= Source data =

BEGIN

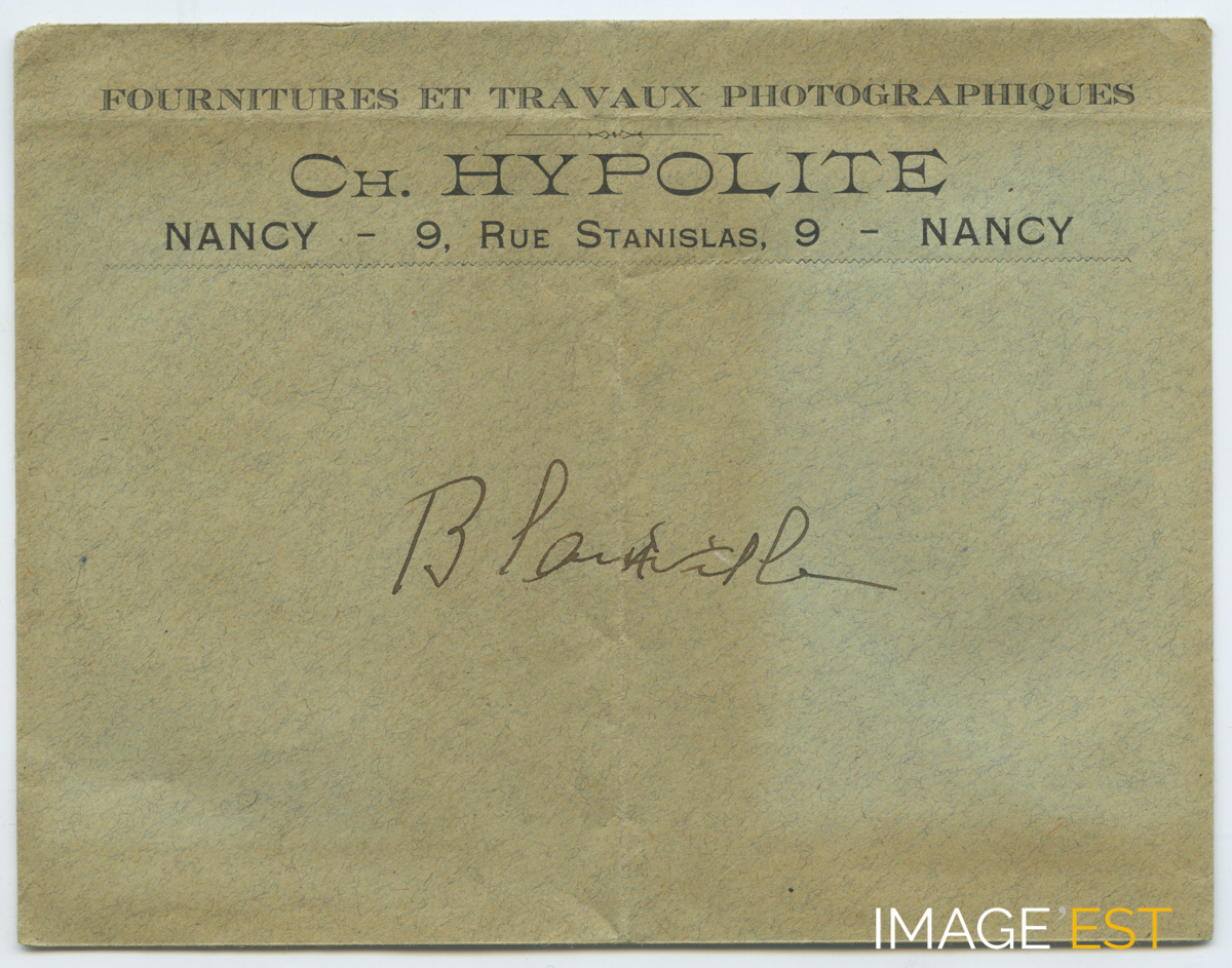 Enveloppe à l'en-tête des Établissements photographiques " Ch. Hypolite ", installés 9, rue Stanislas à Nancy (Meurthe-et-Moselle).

END
BEGIN

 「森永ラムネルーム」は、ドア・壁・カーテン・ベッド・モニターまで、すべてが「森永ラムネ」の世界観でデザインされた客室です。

END
BEGIN

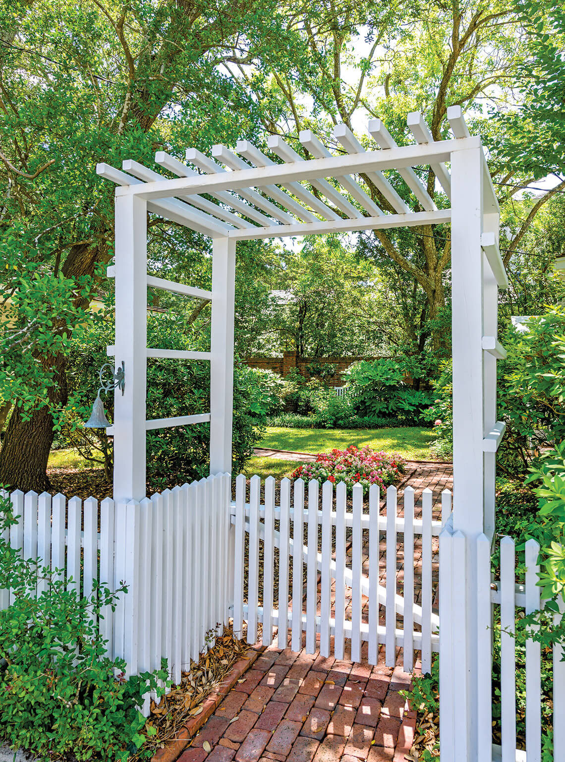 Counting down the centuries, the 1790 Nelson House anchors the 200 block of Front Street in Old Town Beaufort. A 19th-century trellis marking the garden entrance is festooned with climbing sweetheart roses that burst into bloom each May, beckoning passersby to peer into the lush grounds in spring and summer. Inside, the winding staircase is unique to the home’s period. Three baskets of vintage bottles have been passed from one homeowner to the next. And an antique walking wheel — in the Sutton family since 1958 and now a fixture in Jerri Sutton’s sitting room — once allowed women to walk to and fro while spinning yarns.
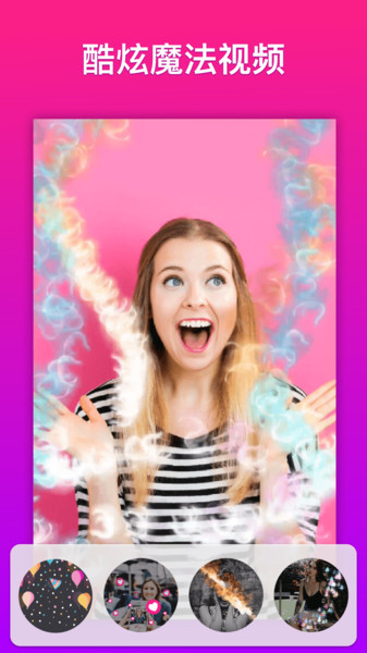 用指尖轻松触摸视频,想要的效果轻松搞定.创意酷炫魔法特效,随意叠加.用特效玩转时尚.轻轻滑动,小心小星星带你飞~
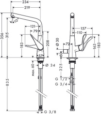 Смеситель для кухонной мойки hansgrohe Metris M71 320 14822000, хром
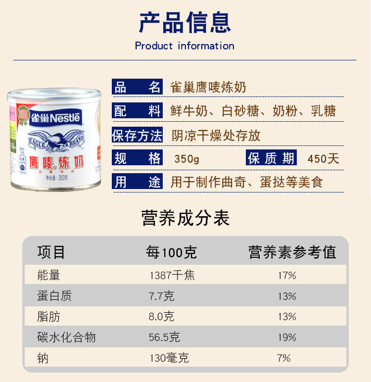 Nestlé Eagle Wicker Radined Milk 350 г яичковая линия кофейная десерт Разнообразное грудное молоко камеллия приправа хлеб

END

= Exercise brief =
Above is the material; set down exactly its lines from the one containing "Смеситель для кухонной" down to the one containing "Nestlé Eagle Wicker", both included, leaving out any pictures.

= Exercise solution =
 Смеситель для кухонной мойки hansgrohe Metris M71 320 14822000, хром
 Nestlé Eagle Wicker Radined Milk 350 г яичковая линия кофейная десерт Разнообразное грудное молоко камеллия приправа хлеб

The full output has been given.